In this study, five variants were found in Jordanian patients with colorectal adenoma, of which three (c.381A>C, c.724G>C, and c.1760 C>T) has previously been reported, and two (g.87C>T and c.1264G>C [Q350H]) were novel. These findings are in contrast to Caucasian populations in which Y165C and G382D are the most common mutations associated with multiple polyposis syndrome[[18]]. The Y165C and G382D mutations have been shown to impair the MUTYH repair activity and significantly contribute to CRC development[[19]]. The missense R245C and the splice site IVS10-2A>G variants have been identified in Japanese and Korean patients[[15],[20]]. In another studies conducted in Korean and Japanese patients (n = 97), 7.2% were bi-allelic carriers for the germline mutations c.1-18G>T, A359V, and R170G in the MUTYH gene[[21],[22]]. After screening the entire gene, Vandrovcováv et al.[[23]] found no mutation in MUTYH in Singaporean population, though this may be a biased result due to the small sample size (n = 63). Furthermore, five unrelated Indians patients with colorectal adenoma were homozygous for the missense mutation E480X[23]. Other MUTYH variants have been found in Italian (A473D), Finnish (p.P391L), Swedish (p.G175E), and Portuguese (E383fsX45)1[[24]-[27]]. In a case-control study and meta-analysis, Win et al.[[26]] have indicated an association between MUTYH gene mutations and the increased CRC risk. Another meta-analysis demonstrated the risk of MUTYH in monallelic and biallelic carriers[28]. MUTYH gene loss has been linked to colorectal carcinogenesis due to immunosuppression and altered immune response[27]. Grasso et al.[[28]] have shown that MUTYH mediates the toxicity of DNA 6-thioguanine and UV radiation. MUTYH-OGG1 XRCC1-PARP1-MMP1 is a linear interacting susceptibility locus for CRC[[29]].

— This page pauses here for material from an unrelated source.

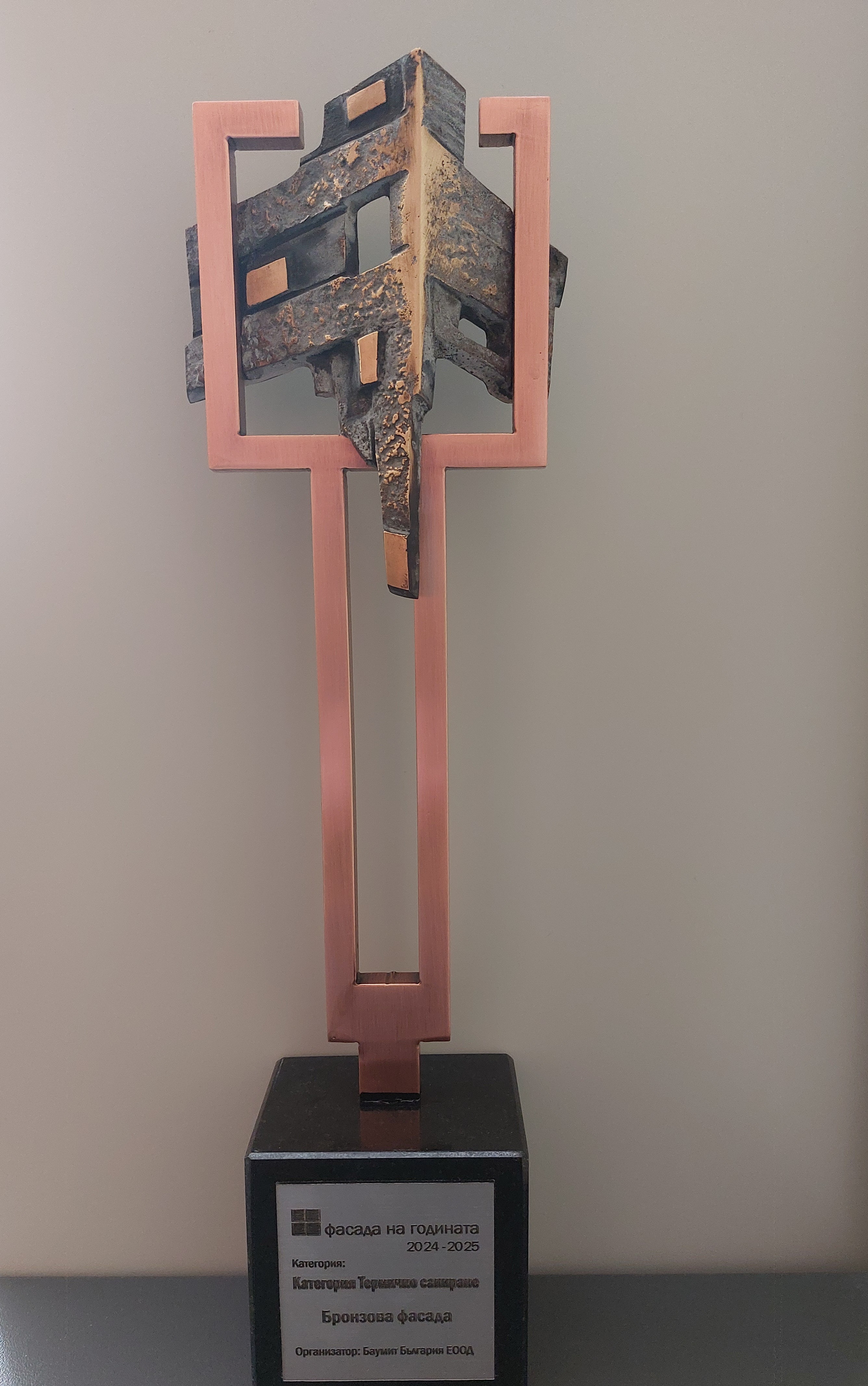 В конкурса, чиято цел е да отличи онези обекти, които съчетават визията на архитектите с висококачествени материали и майсторска изработка, бе номинирана ДГ "Чиполино" в гр. Свищов, която през изминалата година беше преобразена с изпълнението на проект за енергийна ефективност на сградата. Детската градина беше отличена с "Бронзова фасада", в категория "Термично саниране", а награди бяха връчени на възложителя, който е Община Свищов и фирмата изпълнител. На официална церемония в Киноцентър Бояна отличията бяха получени от секретаря на Общината Любомира Петрова и управителя на фирмата, реализирала проекта.

In Arabian descent populations, four studies have been performed; one in Tunisia that showed high prevalence of c.1227-1228dup[[30]], the second in Morocco that introduced three variants (c.494A>G, c.1145G>A, and c.1185_1186dup)[[31]], the third in Saudi Arabia that revealed the presence of V22M, Y165C, H324Q, and G382D variants[[32]], and the last in Egypt that found a significant association between G396D and Y179C mutations and colorectal carcinogenicity[[33]]. These results contradict with those obtained from a study involved 360 Arabic patients[[34]]. The best explanation for these discrepancies between data is that these studies only targeted either specific reported mutations, such as G396D and Y179C, or familial cases. However, in the present study, MUTYH gene was sequenced thoroughly for the patients with colorectal adenoma and the controls from the same ethnic group. It has recently been shown that MUTYH interacts with Rad9-Rad1-Hus1 complex (9-1-1 complex) to coordinate the cell cycle checkpoint. The interdomain connector (IDC) of MUTYH (residues between 65 and 350) is critical for 9-1-1 complex and MUTYH interaction[11]. The significance of the interaction between SpMyh1I DC and 9-1-1 has been elucidated by Luncsford et al.[11] who tested in vivo the biological effects of V315 and I261 mutations in the impairment of 9-1-1 complex-MUTYH interaction. Interestingly, they showed that MUTYH IDC is important for MUTYH DNA repair function and interaction with 9-1-1 complex. MUTYH IDC aspartate at the position number 350 interacts with histidine at the position number 18 of 9-1-1 complex[[35]]. Therefore, c.1264G>C missense variant found in Jordanian patients would probably affect MUTYH-9-1-1 complex interaction. This finding explains the strong association between c.1264 G>C and colorectal malignant transformation among mutant colorectal adenoma patients. However, this hypothesis requires further functional testing using cell-based cloning and cell culture manipulation.

In conclusion, germline mutations in MUTYH gene are highly prevalent among patients with colorectal adenoma from Jordan. In particular, c.1264 G>C is the most common variant associated with malignant transformation of colorectal adenoma into carcinoma. This variant has a potential to be an early biomarker for diagnosis of CRC in Jordan.